Guabanos
This is not an uplifting one so feel free to skip it if you have heard enough darkness lately!
We had the wind at our back today as we made our way back towards Havana. We are staying 15 miles outside the city in a third floor apartment looking over the sea. The same breeze that propelled us here, now blows in the window and out the door cooling is and reminding us, yet again how lucky we are.
I am beginning to feel slightly uncomfortable telling our hosts and the people that we meet that we are going home in two days. Eyes go wide when we say we are flying home with our bikes, disbelieving that it can be so easy. For all the great things about this country, it is still a prison of sorts and we are the chosen few that get to slip in and out of the bars.

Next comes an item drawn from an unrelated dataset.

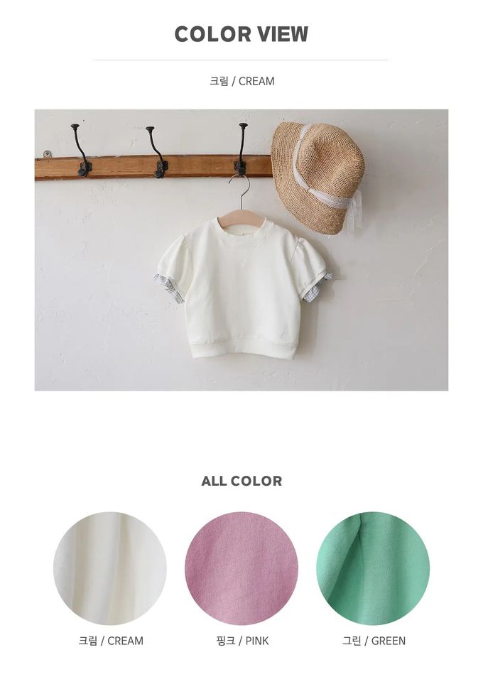 韓國 PuellaFLO - 簡約格紋點綴短袖大學T-白

It seems so unfair, and as many times as I make apologies for our president and our policies, I still feel ridiculous privileged just because of the circumstances in to which I was born. Many people here will never have the opportunity to leave, not without huge sacrifice.

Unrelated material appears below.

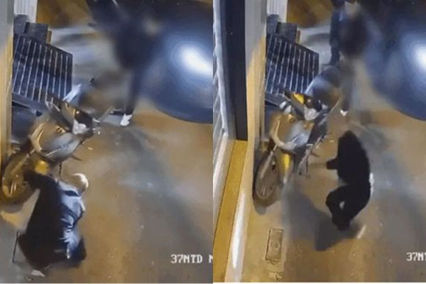 Ngay sau đó, một người đàn ông khoảng ngoài 30 tuổi, mặc quần áo màu đen bước xuống từ ô tô, cầm theo một vật nhọn rồi cúi xuống đâm hai lần vào lốp trước và lốp sau của chiếc xe máy, khiến cả hai lốp bị thủng. Sau khi thực hiện hành vi, người này quay trở lại ô tô và rời khỏi hiện trường.

The water out our window is turquoise blue, the sand is white, there is music and dancing and passion, but the feeling of being trapped shows in many people’s eyes.
Tonight, as Weezie and sat in a small restaurant on the side of the road, eating our customary fried fish and pizza, we watched as four foreign, old, white, men picked up some beautiful teenage girls to engage in some sex trade. There was a dance of requested and shared cigarettes, shoulder rubs, lewd, ogling stares and then a joining of the two groups. I felt nothing but compassion for the girls. There had to be such extreme desperation for them to engage with these nasty men and they were so young. For the men, I just felt hatred. Hate is not something I feel very often, and when I do it is seering and painful.

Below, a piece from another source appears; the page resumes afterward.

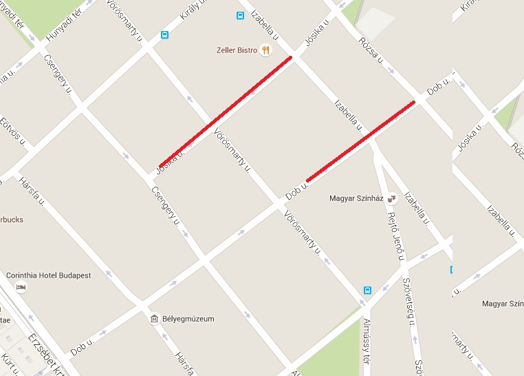 Dob utca az Izabella és a Csengery utca között valamint a Jósika utca 2. és 16. szám közötti szakasz.

When we stood to leave, we had to walk closely by their table and as I looked at the men, with their baggy eyes and fleshy jowls something in me uncapped. With out any forethought, I began giving them the thumbs down over and over and repeatedly told them that they were fucked up. I don’t know where they were from, not Cuba that was for sure, and I thought that in my fury these were two universal messages that were easily understood. My heart pounded and my cheeks flamed. These men were disgusting. Who could prey on desperate teenagers like this?
There is so much pain here, so much loss, but the only evil I have witnessed has been from these visitors.